The Husband spent quite a bit of time yesterday helping me construct a crossword puzzle for my Sunday School class.  It was beautiful - nice straight lines, centered well on the page.  (I told him I always turn my frustrating stuff over to him - he makes everything seem so easy, I just get overwhelmed.)  And yep, the very first word that I wrote on the puzzle in class was in the wrong place!  All that nice precision mucked up with a few strokes of the red marker.  I'm such a dufus!

Was my pleasure today to play the piano in primary.  It's often a fun place to be.  I guess that's true of pretty much everything you aren't obligated to do all the time.  Fun for the short term.  It should be a goal to make things fun in the long term as well.

Today I'm grateful for the sunshine that we see between the rainstorms.  I'm grateful for spinach and carrot and pea and corn sprouts in our garden.  If we're careful (and lucky) we'll have some yummy vegetables.  I'm grateful beyond words for family that has to love me.  That's what family does.  I'm so grateful that Heavenly Father knew I could find beauty in this world with The Husband and our children.

Strange Saturday

No movies to see, our friends are out of town so no get-together with our friends, no real obligations to take care of.  Unusual for us to have such an unencumbered Saturday.

We slept in, lounged around, I finally did my hair and got dressed at 11:00.  We ran a couple non-essential errands, thinned the spinach in the garden.  (The peas are coming up nicely, the corn is barely poking through and soon the carrots will be big enough to thin.  YAY!  I'm so excited I didn't plant them all wrong!)

Cottonwood tree cotton.
And here is the big thought for the day:  If I had my way, clothes would be as comfortable as pajamas, so I wouldn't mind wearing them all day long.  (And if it weren't for my age and modesty I'd also declare bras to be optional!)

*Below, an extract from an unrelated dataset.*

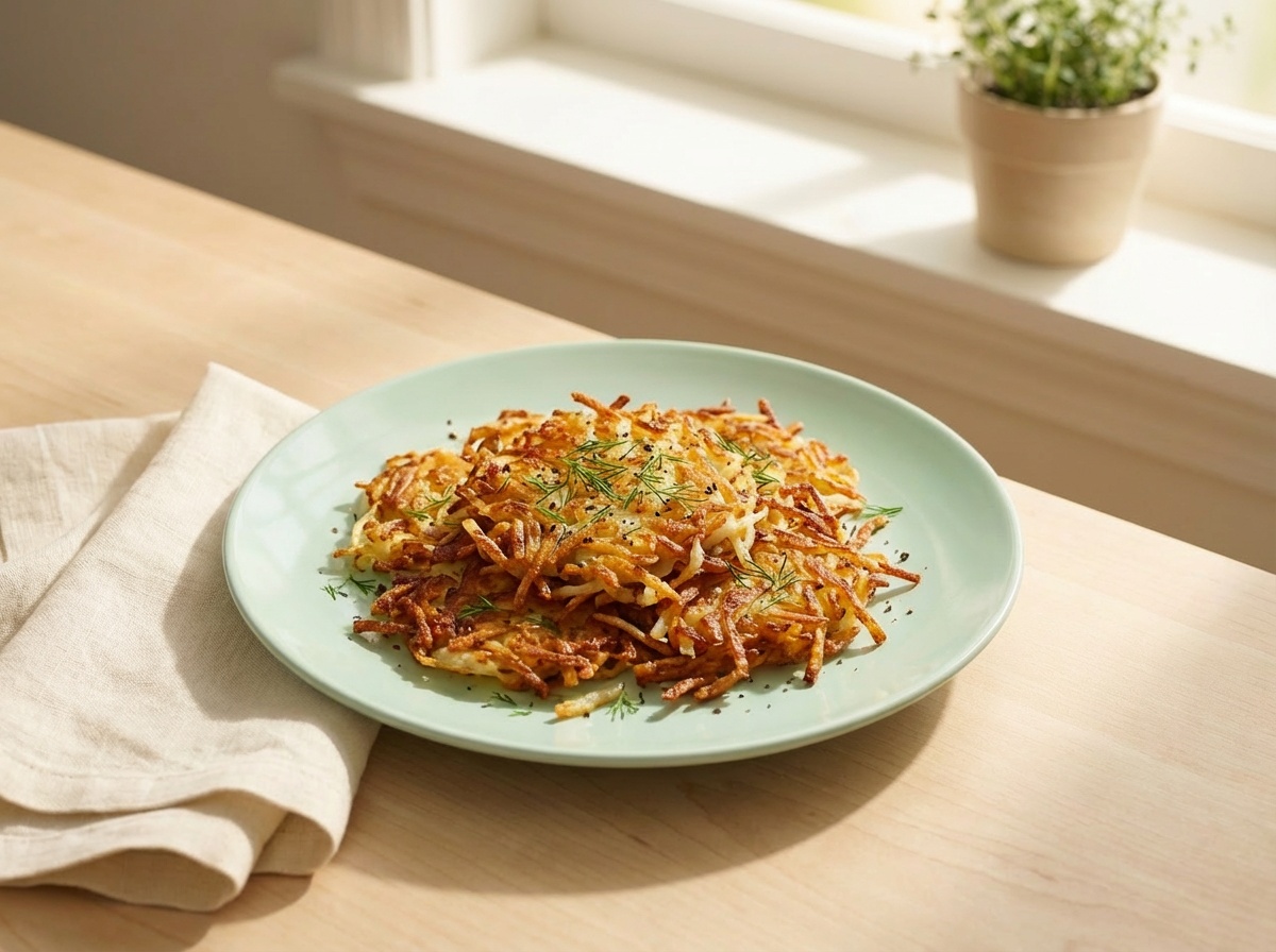 Shredded potatoes, pan-fried golden and crunchy, served with house ketchup

It really was a stunning sunrise!
Yesterday morning's walk in the wind was a welcome way to watch the sun warm the day.  And that other picture that looks like a bunch of weeds by the side of the trail?  Well, it is a bunch of weeds by the side of the trail, underneath the cotton from our (and a very few other) cottonwood trees.  I can't remember a year when the cotton has been so abundant.  And annoying.  So annoying.

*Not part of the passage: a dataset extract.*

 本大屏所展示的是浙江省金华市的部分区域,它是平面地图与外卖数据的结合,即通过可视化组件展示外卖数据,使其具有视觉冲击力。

I'm grateful for The Habit milkshakes.  I rarely was privileged to enjoy a shake growing up, but the ones at the Habit take me straight back to that rarity of my childhood.  I'm grateful for a husband who is so willing to take on my projects and help me when I get frustrated.  I'm grateful for the time of day for pajamas!  And I'm grateful for the way the rain sounds when it wakes me up.

Weird Wednesday

Only weird because it feels like I'm not getting a thing done!  And this is supposed to be the "slower time of life".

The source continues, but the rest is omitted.